This file provides guidance to Claude Code (claude.ai/code) when working with code in this repository.
tariff-everywhere is a Harmonized Tariff Schedule (HTS) lookup service built in Python. It downloads tariff classification data from the US International Trade Commission's public API, stores it in SQLite, and exposes it through two interfaces:
- CLI (
hts.py) — terminal-based lookups for developers - MCP Server (
mcp_server.py) — Model Context Protocol tools for AI agents
All development runs in Docker. No Python, pip, or virtualenv required on the host.
Before beginning any work, build the Docker image and verify the environment:
# 1. Build the image
docker build -t hts-local .
# 2. Run the test suite (all tests should pass)
docker run --rm hts-local -m pytest tests/ -v
# 3. Smoke test the CLI
docker run --rm -v "$(pwd)/data:/app/data" hts-local hts.py --helpIf data/hts.db does not exist yet, run the ingest first:
docker run --rm -v "$(pwd)/data:/app/data" hts-local scripts/ingest.pyAfter building, verify the entire system works end-to-end:
# Run all tests
docker run --rm hts-local -m pytest tests/ -v
# Expected: 114 passed, 5 skipped
# Ingest data (if data/hts.db doesn't exist)

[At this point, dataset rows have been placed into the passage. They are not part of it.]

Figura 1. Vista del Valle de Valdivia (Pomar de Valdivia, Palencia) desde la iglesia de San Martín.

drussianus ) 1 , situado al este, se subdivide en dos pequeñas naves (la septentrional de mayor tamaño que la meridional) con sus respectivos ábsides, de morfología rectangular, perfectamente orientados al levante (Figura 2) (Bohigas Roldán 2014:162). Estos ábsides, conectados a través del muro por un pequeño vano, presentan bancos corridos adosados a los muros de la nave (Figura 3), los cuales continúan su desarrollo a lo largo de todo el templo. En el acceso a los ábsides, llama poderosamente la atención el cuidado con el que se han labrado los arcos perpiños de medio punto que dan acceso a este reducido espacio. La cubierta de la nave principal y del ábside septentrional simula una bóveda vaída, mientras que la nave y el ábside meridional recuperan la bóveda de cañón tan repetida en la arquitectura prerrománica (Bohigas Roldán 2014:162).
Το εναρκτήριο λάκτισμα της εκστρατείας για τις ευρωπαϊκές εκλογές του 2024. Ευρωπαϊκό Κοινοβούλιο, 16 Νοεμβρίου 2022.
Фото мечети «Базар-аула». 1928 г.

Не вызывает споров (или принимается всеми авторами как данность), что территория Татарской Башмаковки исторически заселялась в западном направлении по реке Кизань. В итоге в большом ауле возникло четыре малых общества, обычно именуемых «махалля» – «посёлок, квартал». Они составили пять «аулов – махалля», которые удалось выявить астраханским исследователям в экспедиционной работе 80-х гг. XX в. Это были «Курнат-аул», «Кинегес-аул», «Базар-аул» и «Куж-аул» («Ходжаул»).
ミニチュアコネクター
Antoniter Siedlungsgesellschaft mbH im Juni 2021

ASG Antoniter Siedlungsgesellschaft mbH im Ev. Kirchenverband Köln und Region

docker run --rm -v "$(pwd)/data:/app/data" hts-local scripts/ingest.py
# Expected: Database created with ~134K entries across 99 chapters
# Verify CLI works
docker run --rm -v "$(pwd)/data:/app/data" hts-local hts.py chapters
# Expected: All 99 chapters listed with descriptions and entry counts
# Check refresh (should be fast if data is current)

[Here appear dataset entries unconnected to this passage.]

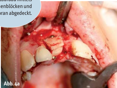
Abb. 4a, b: Defektaufbau mittels Knochenblöcken und Membran abgedeckt.

Weitere Indikation haben wir bei der präprothetischen Chirurgie, wenn großräumig der Alveolarkamm verbreitert und erhöht wird, manchmal auch unter Einbeziehung großer Knochenlamellen aus dem Beckenkamm des Patienten, oder bei größeren Wurzelspitzenentfernungen und Zystektomien sowie bei der Tumorentfernung.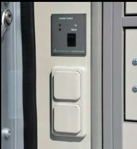
Strompaket mit Zusatzbatterie, Wechselrichter, Ladegerät als Option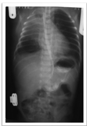
Рис 3. Очаги деструкции в верхней доле правого легкого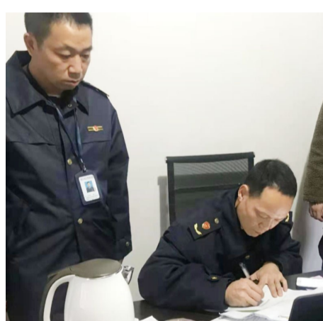
执法人员整理旧案资料

执法人员介绍,此次办结的一起便利店销售过期食品、无标签预包装食品案件,因便利店关闭、店主失联,过去该案一直悬而未解,在此次集中清理行动中,执法人员通过多渠道反复核查信息,得益于 大数据 信息完善,终于在新居民信息平台中找到该店主的最新信息,取得联系后办结该案。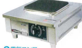
3 電気コンロ NK-2600 [EDKO-03] 13-0338-0301 ¥132,000 サイズ:350×400×H170 重量:14kg 電源・消費電力:単相200V 2.6kW ヒーターサイズ:224×224 温度調節:6段切換式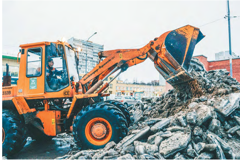
Интенсивная уборка от снега и льда идёт во всех районах города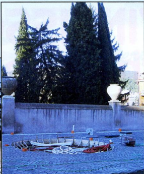
La vasca viene spostata nella posizione attuale

A fronte della campagna di disinformazione in atto sulla riqualificazione di piazza Trento, l'amministrazione comunale respinge con forza le strumentalizzazioni, anche di natura politica, che stanno riguardando la celebrazione del rito dell'Inchinata. Sulla collocazione del monumento a piazza Trento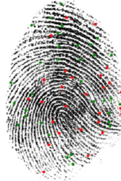
Fig.1: Afbeelding van wat een ievo-lezer scant en de belangrijkste minutiae-kenmerken.

ievo-lezers bevatten geen vergrendelingsmechanismen of deurrelais, wat betekent dat als een lezer zou worden verwijderd, uw toegangspunt veilig zou blijven en uw gegevens veilig zouden blijven. De lezers zou voor de aanvalleur nutteloos zijn, omdat deze geen gegevens bevat.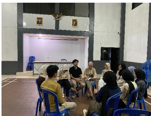
Foto 4. 13 Kegiatan Asesmen Lanjutan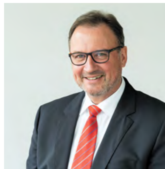
Landrat Joachim Walter

Joachim Walter Landrat des Landkreises Tübingen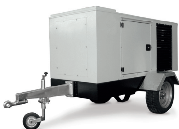
CARRELLO TRAINO LENTO SLOW SPEED TRAILER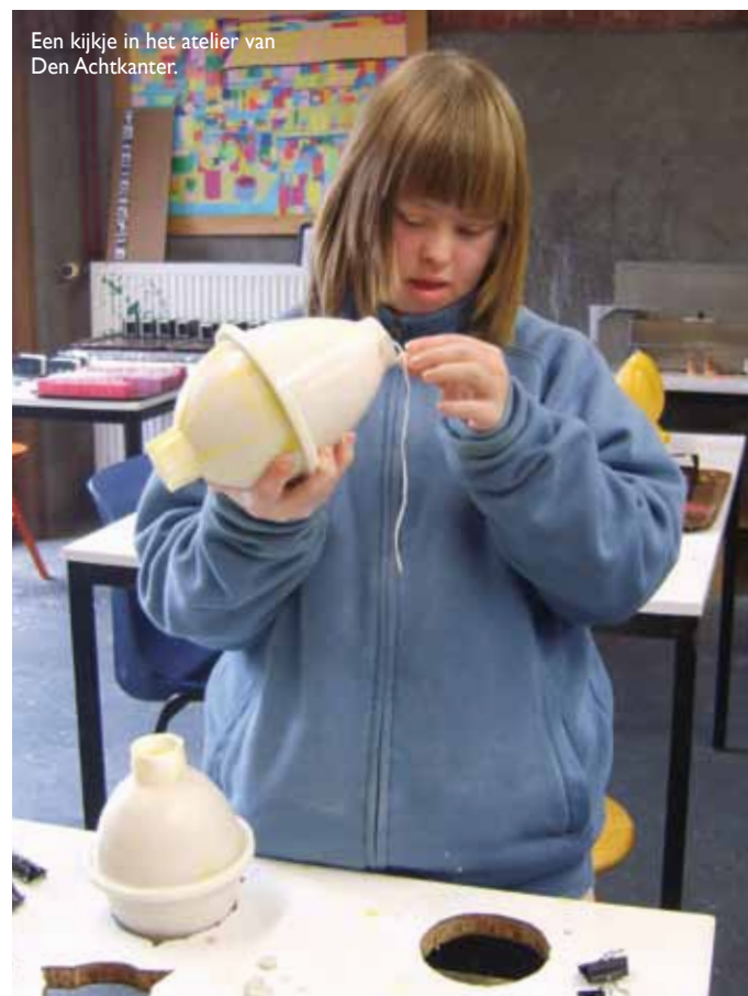
Een kijkje in het atelier van Den Achtkanter.

Gildewerk Frankrijk: Gildewerk France s.a.r.l. ZA Quartier Charponnet 26400 Allex sur Drôme t: + 33-(0)475 62 80 31 f: + 33-(0)475 62 80 29 e: france@gildewerk.com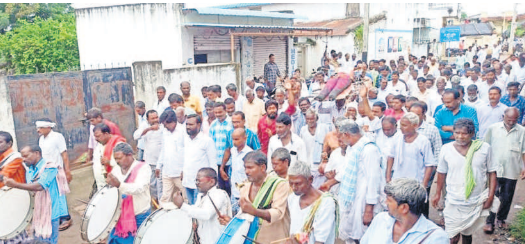
తలమడుగులో ముఖ్యమంత్రి రేవంత్ రెడ్డి దిష్టిబోమ్మతో శవయాత్ర నిర్వహిస్తున్న రైతులు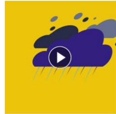
Pluie-inondation Adoptez les bons comporte... EN SAVOIR PLUS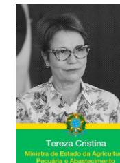
Tereza Cristina Ministra de Estado da Agricultura, Pecuária e Abastecimento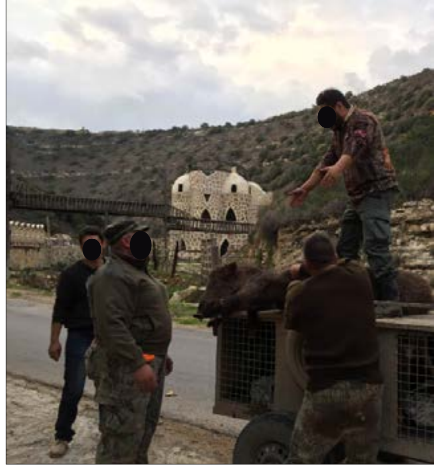
صباوت يستعرضون خنازير برية اصطادوها في وادي تفاعتا

ورد عشوائياً، لتبرير الصيد. "هذا لا يعني الصيد بأعداد غير محددة. إذ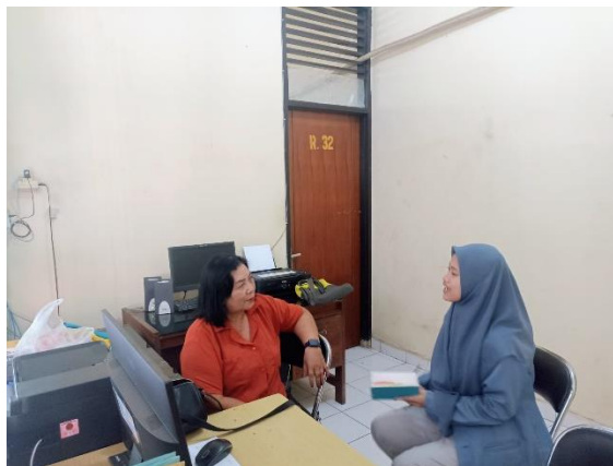
Gambar 1 Kegiatan Wawancara Bersama Pustakawan Perpustakaan Abirama Widya Teknika SMK Negeri 3 Singaraja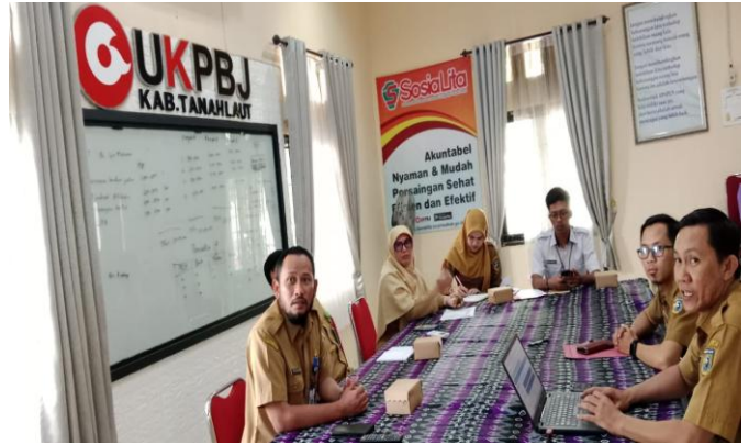
Kegiatan Tindak Lanjut Hasil Pemeriksaan 2024

Hambatan – hambatan yang ditemui dalam pelaksanaan kegiatan untuk mencapai sasaran ini adalah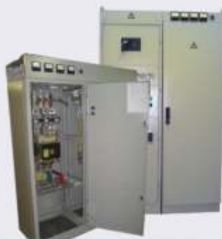
ЩО-70, ЩО-91, ГРЩ

Практически все наши выпускаемые изделия являются уникальными, хотя они во многом и схожи с типовыми. Нестандартность наших изделий говорит об индивидуальном подходе к каждому проекту и является одним из достоинств нашей работы. Мы всегда идем навстречу клиенту и сделаем именно то изделие, которое необходимо клиенту!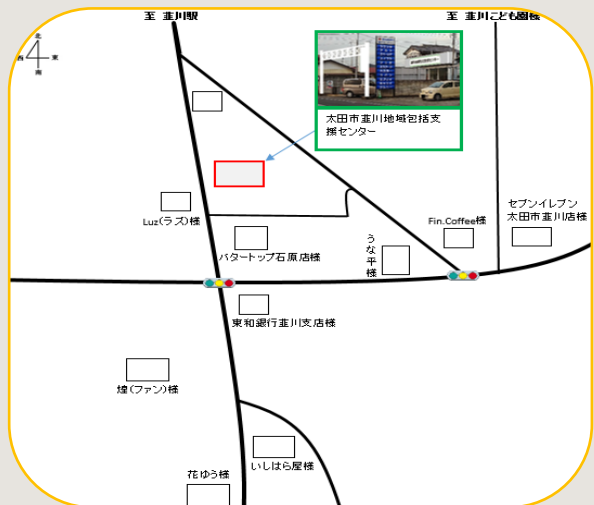
葦川包括支援センター リーフレット

docker run --rm -v "$(pwd)/data:/app/data" hts-local scripts/refresh.py
# Expected: "Already up to date" or new chapters ingested if data changedNote on ingest idempotency: The ingest script skips duplicate HTS codes. When re-running after data already exists, you'll see Loaded 0 entries but also Skipped 134019 duplicate HTS codes — this is normal and expected. The script won't duplicate data on subsequent runs.
- Source: https://hts.usitc.gov/reststop/ (public government API, no auth required)
- Schema: Three tables in
data/hts.db:chapters— HTS chapters (01-99), with descriptions, content hashes, and freshness timestamps (last_checked_at,last_changed_at)hts_entries— ~134K tariff entries with rates, units, indent level, footnotesdata_freshness— records of each refresh run (timestamp, duration, chapters changed)
- Indexes:
hts_code(exact lookups),description(substring search)
| File | Purpose |
|---|---|
scripts/ingest.py |
Download HTS data from API, iterate chapters 01-99, parse JSON, insert into SQLite |
scripts/refresh.py |
Detect HTS data changes by hashing all 99 chapters in parallel, re-ingest if changed, track per-chapter freshness |
hts.py |
CLI entrypoint (typer) with search, code, chapter, chapters, info commands |
mcp_server.py |
Expose five tools over MCP stdio: search_hts, get_code, list_chapter, get_chapters, get_data_freshness |
tariff_everywhere.py |
Public Python API with connection-managing wrappers for programmatic access |
- Database connections: Each command opens/closes a connection in a try-finally block. No connection pooling needed for CLI/MCP (low concurrency).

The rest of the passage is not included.